Wednesday, August 13, 2014

Lesson 61 - Board Games

What about an educational board game for learning programming? I haven't heard about anything else than Robot Turtles which I still haven't ordered because of the high shipping fees. Silly me.

We made our own today. I mean, made the first prototype. The idea had been growing in my head for a few days. 

Not going to go to details but the key thing is that you'll be programming a simple computer with assembly language. Programming instructions are given using Code Cards, each of which does a simple thing like reading a value from memory to a register or writing a value to "standard output". Of course, you'll have flow control cards like IF and JUMP. The players together will simulate the computer that runs these instructions.

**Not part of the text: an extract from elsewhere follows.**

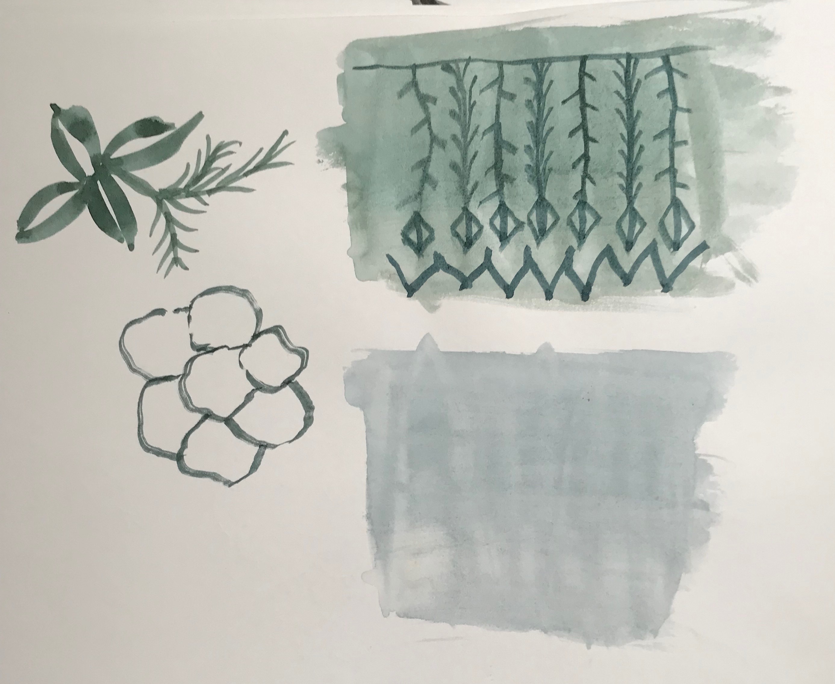 Leaves drawn with water-soluble pastelsPatterns and observations with watercolour Watercolour on rough paperWatercolour observationsRepetition – this could be developed as a border patternExperiments with very wet watercolours running into each otherWatercolour observations
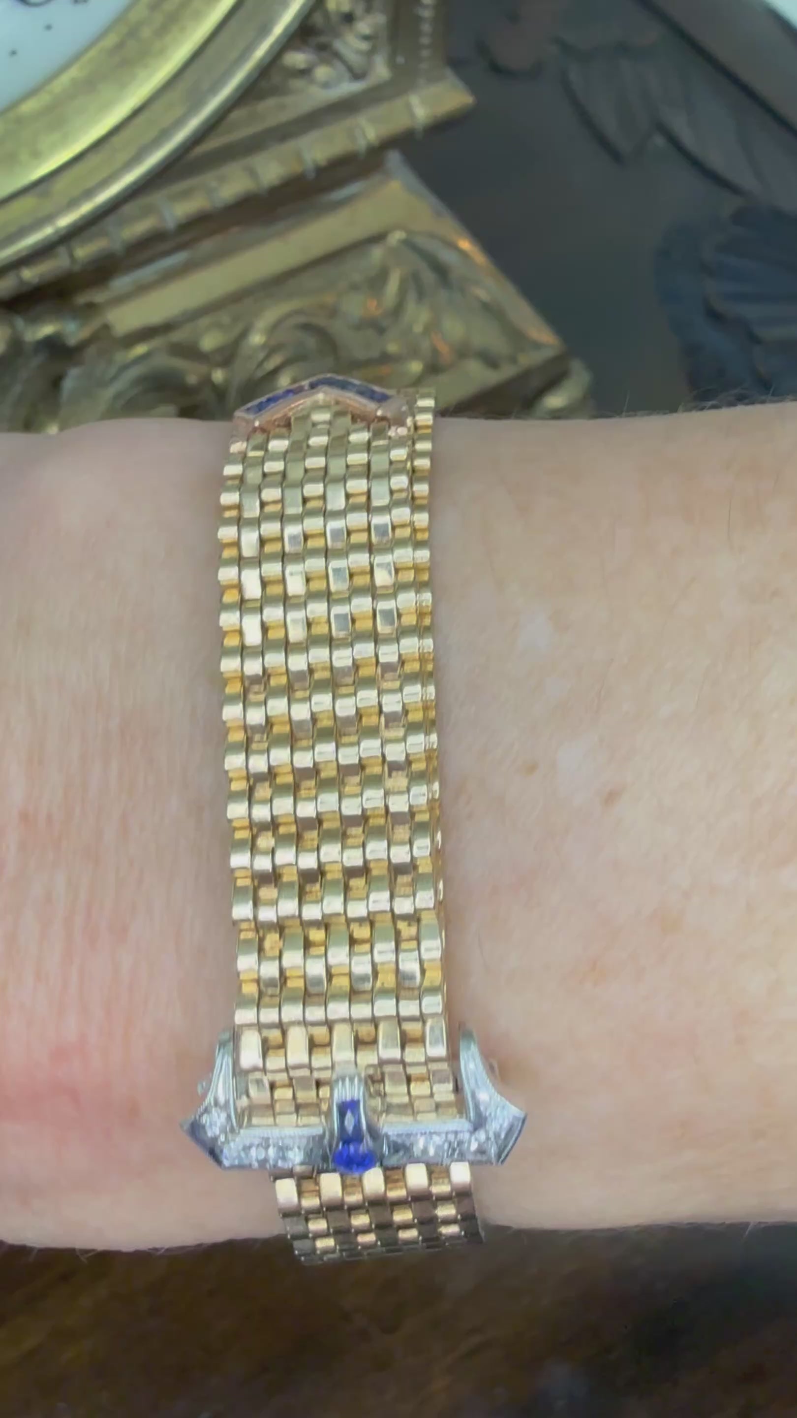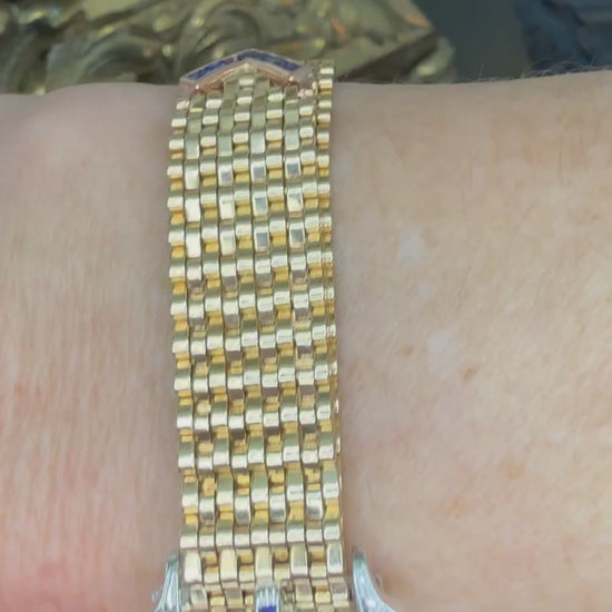 Vintage 14k Belt Bracelet with Diamond and Sapphire Buckle Clasp-Includes GIA Appraisal

I did my best to come up with a simple instruction set, some game rules and a "garden" theme, to make it less scary. Replace binary numbers with fruit and the computer memory by a garden. Represent a minimal instruction set as drawn symbols and the program and memory pointers with a robot and a gardener. I tasked my little girl to draw some of the graphics of course.


We had a nice hour or so drawing, cutting and gluing things together while discussing games and computers. In the end, we had 2 board games. Mine/ours and hers. We played both. Her's was better, partially because it was the classic Memory game with a twist: instead of two pictures, you have to connect a picture and a starting letter. Nice for teaching the alphabet for the younger girl! In fact, even the 2-year old had fun playing it.

So here's her game.


And here's mine.



What worked well was that it was fun to simulate the computer using the Code Cards and a pointer. What didn't work so well were my game rules. You've got to appreciate actual game designers. There's a long way from a nice idea to a well balanced, enjoyable board game.

I'm not saying it wasn't fun though! And I think the main concept is valid, it just needs some more game design. Good times!